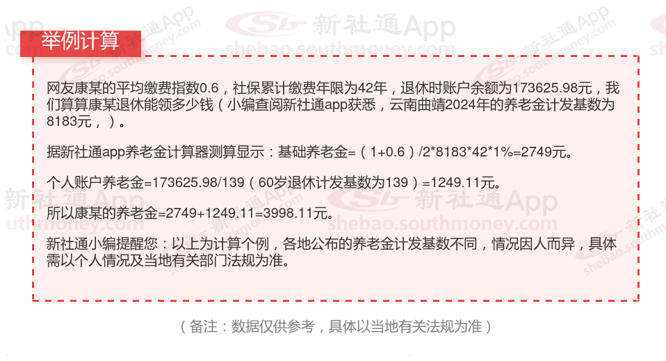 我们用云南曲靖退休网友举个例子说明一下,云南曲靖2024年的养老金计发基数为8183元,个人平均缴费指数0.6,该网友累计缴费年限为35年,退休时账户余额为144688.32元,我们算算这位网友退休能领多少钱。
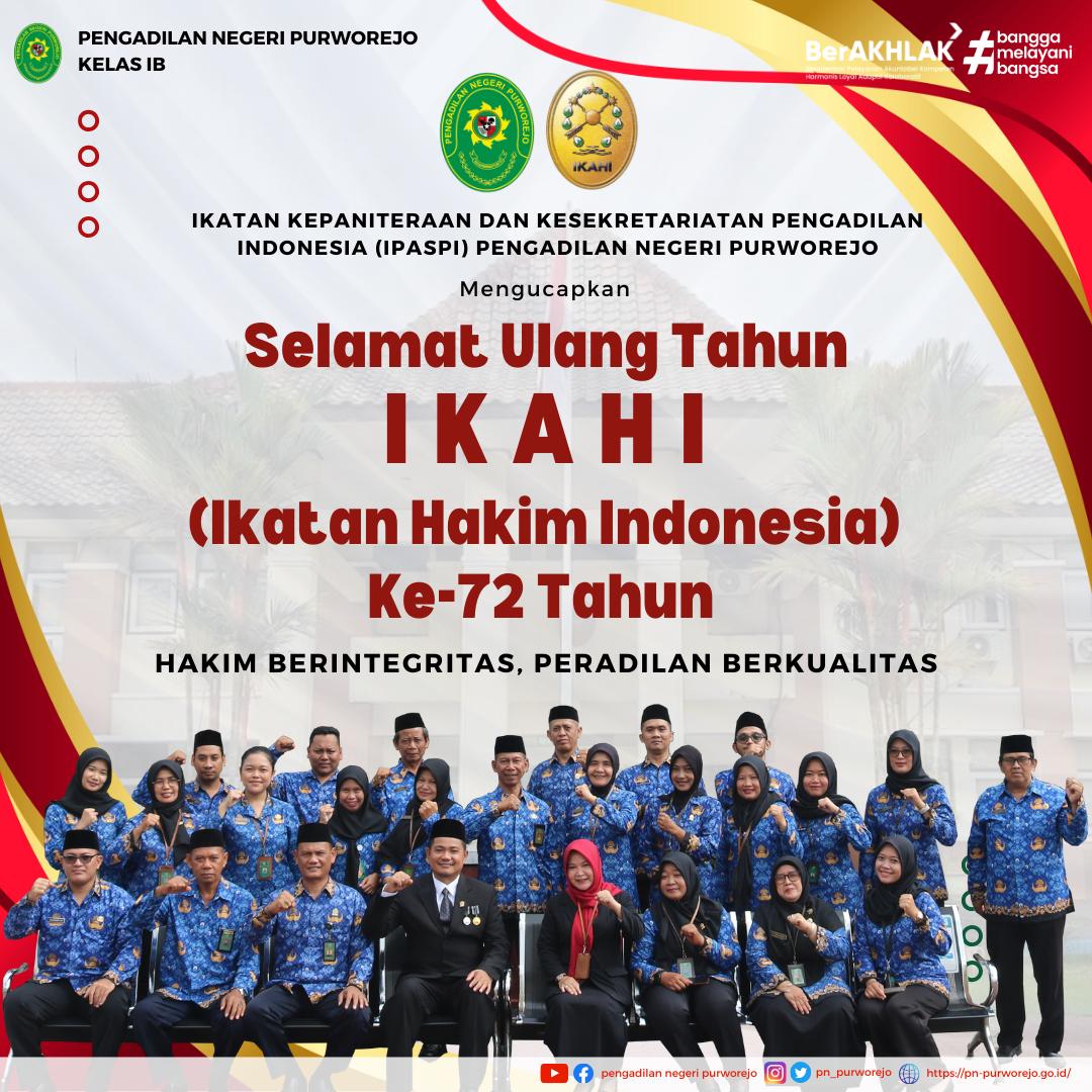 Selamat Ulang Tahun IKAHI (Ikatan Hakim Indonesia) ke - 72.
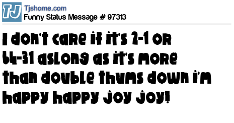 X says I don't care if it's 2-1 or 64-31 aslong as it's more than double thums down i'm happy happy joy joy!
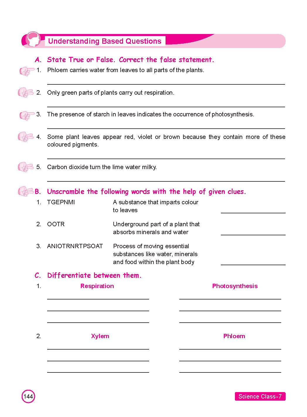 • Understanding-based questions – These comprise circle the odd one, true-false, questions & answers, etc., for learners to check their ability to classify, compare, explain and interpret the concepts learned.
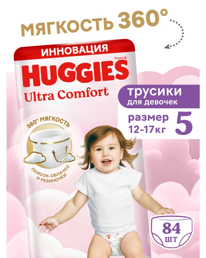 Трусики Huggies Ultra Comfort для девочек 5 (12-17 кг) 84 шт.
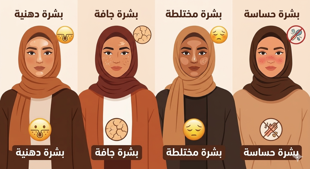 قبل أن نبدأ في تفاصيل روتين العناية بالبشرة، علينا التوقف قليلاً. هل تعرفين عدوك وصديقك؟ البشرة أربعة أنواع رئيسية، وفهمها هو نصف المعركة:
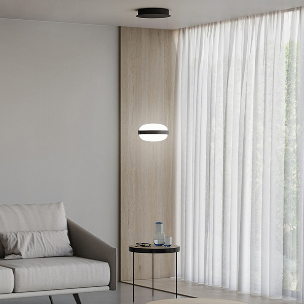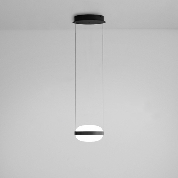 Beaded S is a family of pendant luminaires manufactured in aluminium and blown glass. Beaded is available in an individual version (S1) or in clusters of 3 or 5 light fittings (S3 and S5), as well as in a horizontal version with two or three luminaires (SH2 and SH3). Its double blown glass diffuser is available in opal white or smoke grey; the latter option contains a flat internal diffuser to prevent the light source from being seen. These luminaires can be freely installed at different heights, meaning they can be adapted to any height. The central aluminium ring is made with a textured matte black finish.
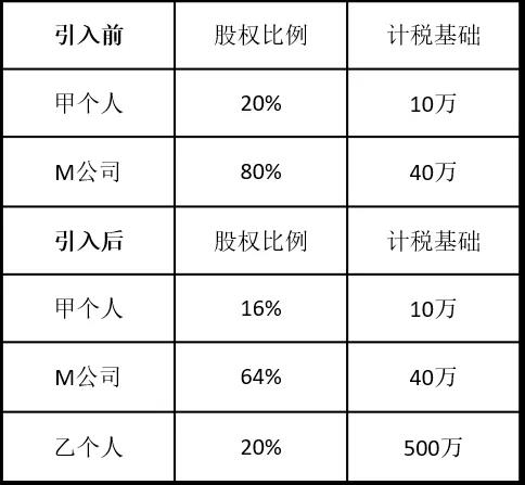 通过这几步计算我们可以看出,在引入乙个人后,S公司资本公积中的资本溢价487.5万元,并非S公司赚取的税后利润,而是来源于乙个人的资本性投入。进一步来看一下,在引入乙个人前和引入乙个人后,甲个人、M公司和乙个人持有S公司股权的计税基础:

::::::::

What to produce: Within the listing above, copy exactly the lines that start at the one with "the concepts learned." and continue through the one with "Трусики Huggies Ultra". Omit pictures.

Task output:
 • Understanding-based questions – These comprise circle the odd one, true-false, questions & answers, etc., for learners to check their ability to classify, compare, explain and interpret the concepts learned.
 Трусики Huggies Ultra Comfort для девочек 5 (12-17 кг) 84 шт.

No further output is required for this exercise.